In order to create metrics, go to your log group and click “Metric filters” and enter query pattern. Since we have structured logs, we can use $.VARIABLE syntax to filter only logs we need to create metric.

Here is the example. I want to send the number of logs to a metric whose “Number” exceeds 60.

Then, fill in metric name/namespace. I’m setting 1 for Metric value since I want to count the number of logs which matches the filter pattern.

Since metric is set up for our log group, when we start loggings to CloudWatch, we can see the number of count in our metric. One thing to note is that the default statistic is Average. It looks like we only have 1 event, but when we change statistic to Sum, we can see the correct count.

Create Alarm

Once metrics is set up, we can create an alarm to notify us. We create a condition and when it is met, we can use SNS to send an alarm message. It is also possible to use Lambda to send notification to slack or any chat tool, but in this example, we are just going to use email.
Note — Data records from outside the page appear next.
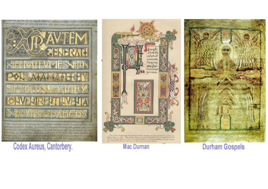 ← Book of Kells, manuscrits irlandais et carolingiens.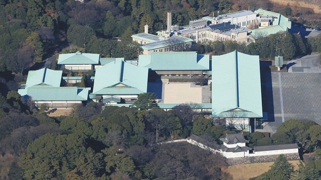 皇居宮殿、奥は宮内庁(資料写真)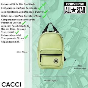 Leve seu estilo ao próximo nível com a Mochila Converse GO LO Backpack Citron da All Star. Moderna e funcional, ela combina praticidade e design arrojado para acompanhar sua rotina com muito charme.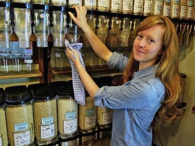 We take all our own jars, bottles and bags. I write a list of exactly what we need and take a container for each food item needed. In the last two years there has been an explosion of bulk food stores opening up around Melbourne.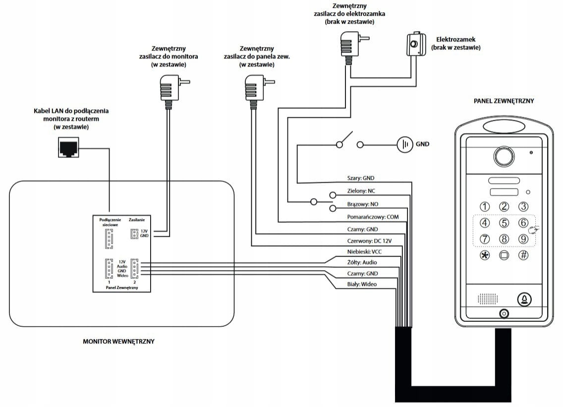 - zasilacz do panelu zewnętrznego - 1 szt;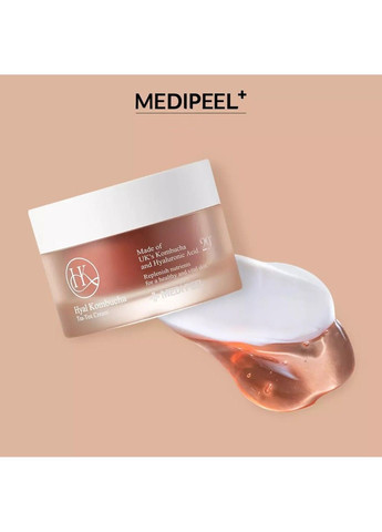 Зволожуючий крем-гель для обличчя з комбучею Medi-Peel Hyal Kombucha Tea-Tox Ampoule, 50 мл Подвійний крем відновлює, зволожує та живить шкіру, зменшує видимість зморшок, надає пружності та щільності. Бореться з сухістю та лущенням, усуває тьмяність, робить шкіру гладкою та сяючою. Засіб зміцнює природний захисний барєр, підвищує місцевий імунітет шкіри, прискорює загоєння мікроушкоджень. Незвичайна двофазна текстура дозволяє регулювати щільність крему: для жирної та комбінованої шкіри можна додавати більше гелю, а для шкіри, схильної до сухості - більше кремової текстури. Комбуча у складі крему продовжує молодість шкіри, зменшує виразність зморшок, підтримує пружність та рівний рельєф. Властивості: Екстракт чайного гриба (Комбуча) - тонізує та підвищує імунітет шкіри, усуває тьмяність, зволожує та живить. Має яскраво виражену антиоксидантну дію, зміцнює тургор і покращує проникність тканин, завдяки чому всі компоненти засобу проникають глибше в шкіру і краще нею засвоюються. Екстракт камелії - контролює роботу сальних залоз, знижує жирний блиск та бореться із запаленнями. Містить коензим Q10, підвищує енергетичні можливості клітин, запобігає появі зморшок, посилює захисний барєр. Екстракт рису - чудово справляється з дефектами шкіри. Має зволожуючу, протизапальну, помякшувальну і відновлюючу дію. Збагачує шкіру найважливішими амінокислотами, вітамінами, залізом, йодом, фосфором та кальцієм. Він допомагає боротися з пігментацією, добре очищує та відбілює шкіру, прискорює регенерацію тканин та сприяє розгладжуванню зморшок. Гіалуронат натрію - це натрієва сіль гіалуронової кислоти, її низькомолекулярна форма. Проникає у глибокі шари епідермісу, активно зволожує клітини, сприяє утриманню вологи у шкірі. Згладжує дрібні зморшки та вирівнює поверхню епідермісу. Гіалуронова кислота - проникає у глибокі шари шкіри та наповнює клітини необхідною вологою. Зміцнює шкірний покрив та покращує пружність шкіри, попереджаючи раніше появу зморшок. Поповнює нестачу вологи та усуває зневоднення шкіри. Кераміди - сприяють оновленню шкіри, покращують захисні та барєрні функції, нормалізують гідроліпідний баланс, захищають від зневоднення, мають омолоджуючий потенціал. Підвищують захисні функції епідермісу, запобігають втраті вологи та допомагають відновити шкіру. Позбавляють сухості, лущення. Мадекасосид - має багатофункціональну дію на шкіру: стимулює синтез волокон колагену та еластину, підвищує еластичність епідермісу, помякшує, стимулює відновлення шкіри, робить зморшки менш вираженими та підтягує овал обличчя. Масло баобаба - відновлює шкіру, багате на незамінні жирні кислоти, антиоксиданти, вітаміни C, A і E. Ніацинамід - сприяє стимуляції синтезу колагену та покращенню захисних функцій шкіри, допомагає знизити трансепідермальну втрату вологи зі шкіри та знизити пігментацію, помякшує, підвищує еластичність шкіри, зволожує, звужує пори. Заспокоює, ефективний при використанні для чутливої шкіри, виявляє зігрівальну дію та покращує мікроциркуляцію крові, освітлює. Рожева вода - зволожує, прибирає сліди втоми, робить шкіру яскравою та сяючою. Оптимізує гідробаланс шкіри, усуває сухість, стягнутість та лущення. З її допомогою розгладжується текстура епідермісу, зменшується глибина зморшок, йдуть набряки, вирівнюється тон обличчя та покращуєт
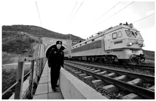 56岁的老民警朱效国已经有些驼背了,但精神状态很好。他介绍,下纳岭特大桥全长3.8公里,桥离地面高度约50米,恐高的人可巡不完线路。冬季天冷倒不怕,就怕刮风,桥太高了,很危险。只要不刮风就是好天气。我们巡线的目的就是,一是看线路上的设备有没有损坏的,另一个就是看看有没有危害火车安全的,有没有山上滚下的落石和其他杂物,以保障列车通行安全。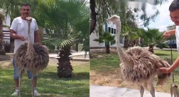 Apodaca. - En redes sociales se viralizó este jueves un video, en el que apare un señor paseando hasta con correa una avestruz que tiene de mascota por las calles del municipio de Apodaca.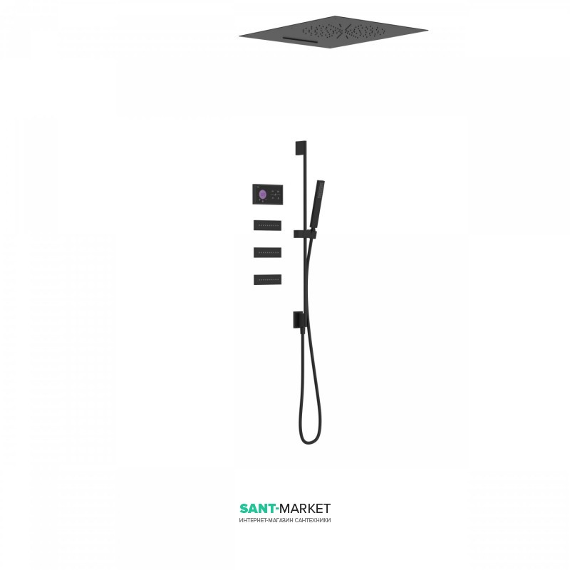 Електронна душова система прихованого монтажу Tres Shower Technology з термостатом і штангою чорний матовий / чорний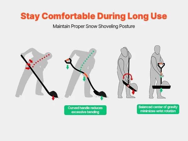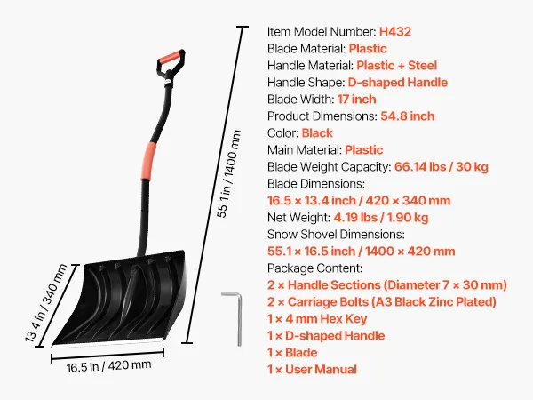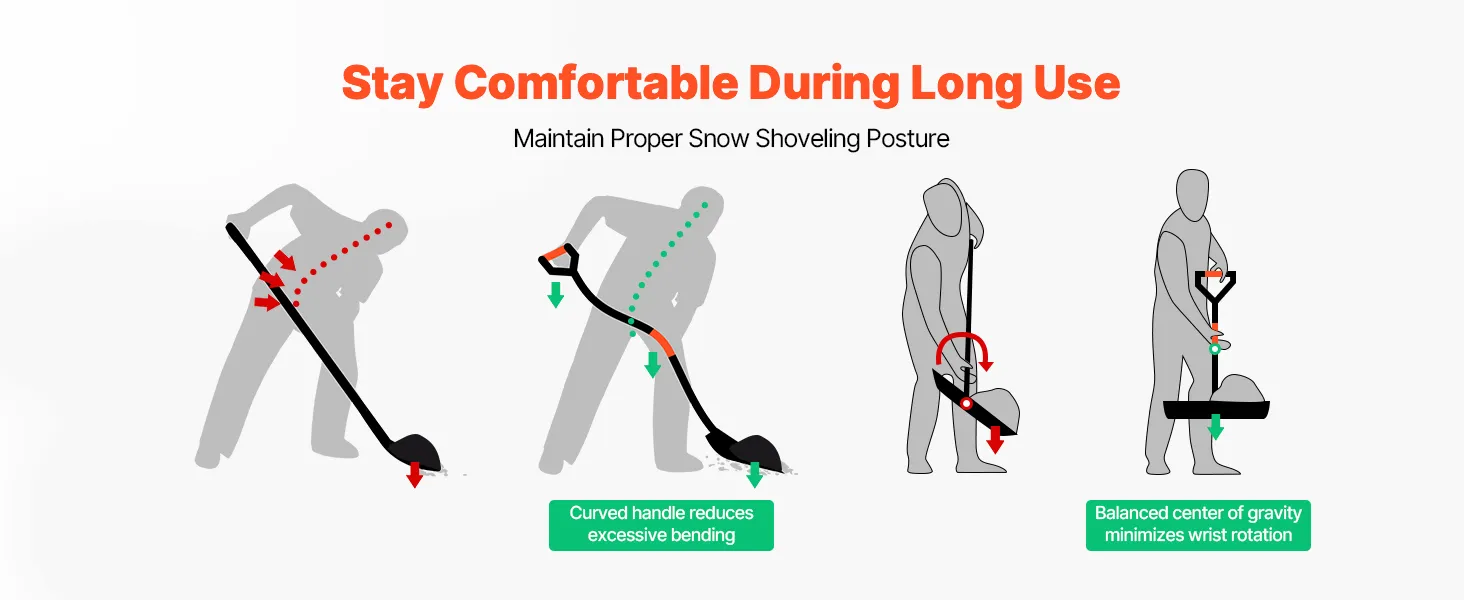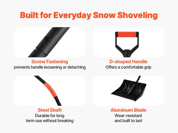 • Comfortable & Easy Operation: The heavy duty snow shovel features 55.1 in in length and an ergonomic curved design to ease the waist strain. EVA non-slip pad with D-shaped handle plus screw fastening provide firm grip and stable control in winter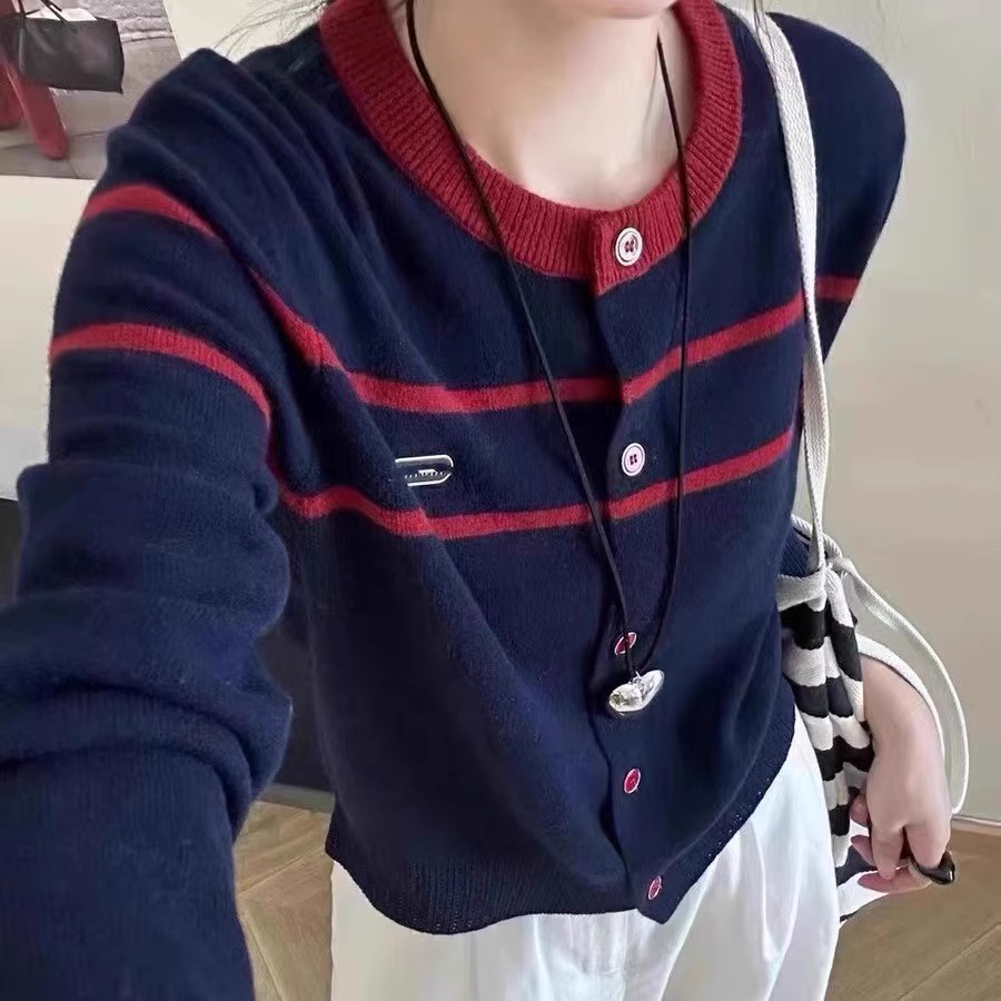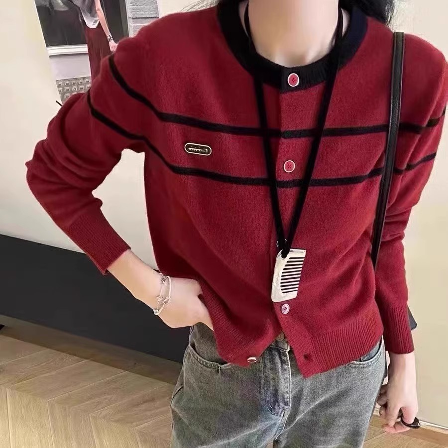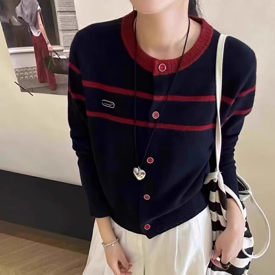 2024新作韓国ファッション秋冬ニットセーター デザイン感長袖ニットカーディガンレディース トップス ファッション 快適 アウター通勤 カーディガン

The condition we are setting here to send an alarm is that if we keep seeing value 60 more than 10 times within 5 minutes. If it happens, we receive an alarm for a possible issue automatically and take a look into it before users notice it.

If we want to be notified that alarm is off, we can set missing data as good.

That’s it, we did it! Now we can receive a notification when something out of ordinately happens and proactively work on possible issues.

Conclusion

Now that we have baseline work, we can keep improving our alarm system. We can use Lambda to call web hook for your chat tool so that we can react to alarm s faster. If we want to automate actions for an alarm, we can set up Lambda to call API to fix the issue.

When this system was set up, I was able to feel confident in my app working fine and saved lots of troubles since actions can be taken much faster and it saved time and effort to find helpful logs to find the cause and fix. I hope you feel the same way.

--

--